The authorities in the Central American state of Belize have introduced a new law restricting the degree of window tinting on all vehicles in the country.
The new statutory instrument, which comes into effect from 1st June, is designed both to improve vehicle safety and to help outlaw covert criminal activity.
In terms of safety, the country’s Ministry of Transport says it is concerned that vehicles fitted with too heavy a car window tint could obscure driver vision, particularly during the hours of darkness or in rainy weather.
At the same time, the Ministry is worried that car window darkening could be employed in an effort to deliberately obscure the presence of illegal weapons.
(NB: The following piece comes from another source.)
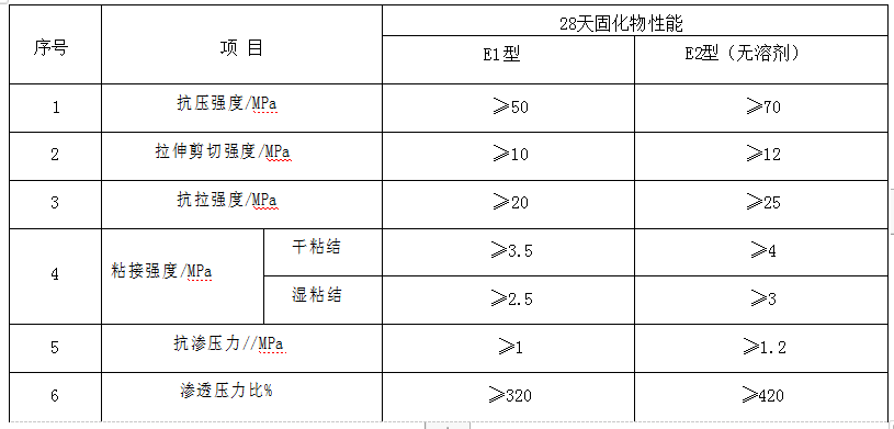 E3型 不良地址體高滲透環(huán)氧灌漿材料技術(shù)性能指標(biāo)
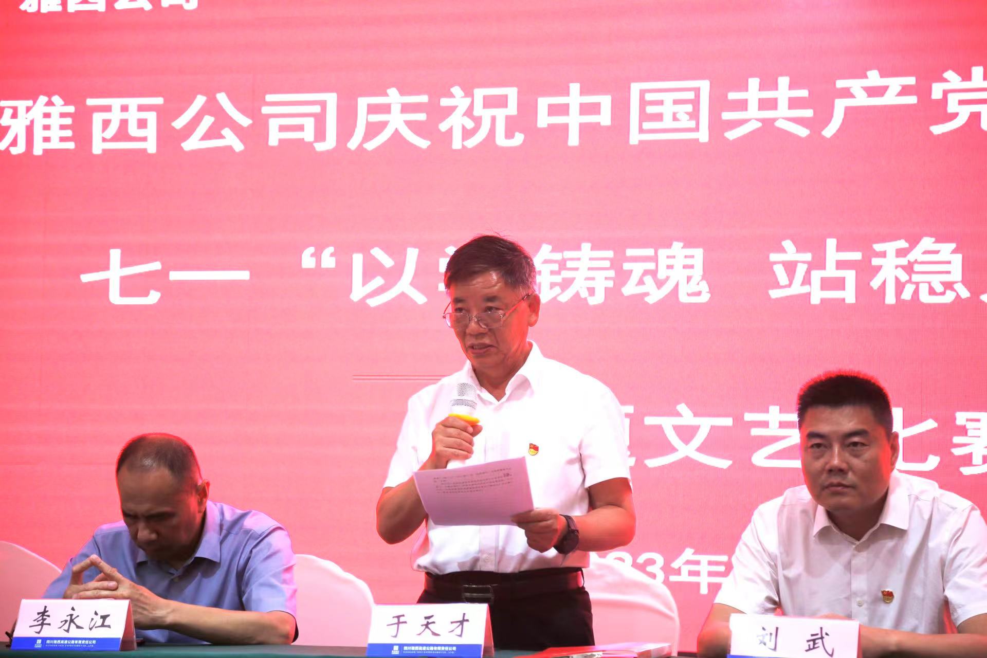 主题活动由公司党委委员、副总经理、工会主席刘春主持,在庄严的国歌声中拉开了序幕,公司党委副书记、总经理刘武带领全体与会党员重温入党誓词。各党支部表演展示了《坚守初心 守护安全:共产党员刘杰的故事》《我的雅西 我的情》《致敬平凡》等10组节目,充分展现了雅西人的风采和魅力。最后,公司党委书记、董事长于天才作了讲话。

As a consequence, the new rules stipulate that:
• Any tinting on the front windscreen and on the side windows at the front of a vehicle must permit a visible light penetration of at least 50%
• Any tinting on the rear windscreen and rear side windows of a vehicle must permit a visible light penetration of at least 20%
• The front windscreen must include a four inch deep strip across the top which is completely free of any car window tint.
• Reflective coatings are expressly forbidden on the front windscreen
The rationale behind the Belize specifications for a 50% windscreen penetration ratio starts to become clear when contrasted with the 75% windscreen penetration decreed for car window tinting in Manchester and other UK towns; put simply, the less bright and sunny the climate, the lighter the tint needs to be.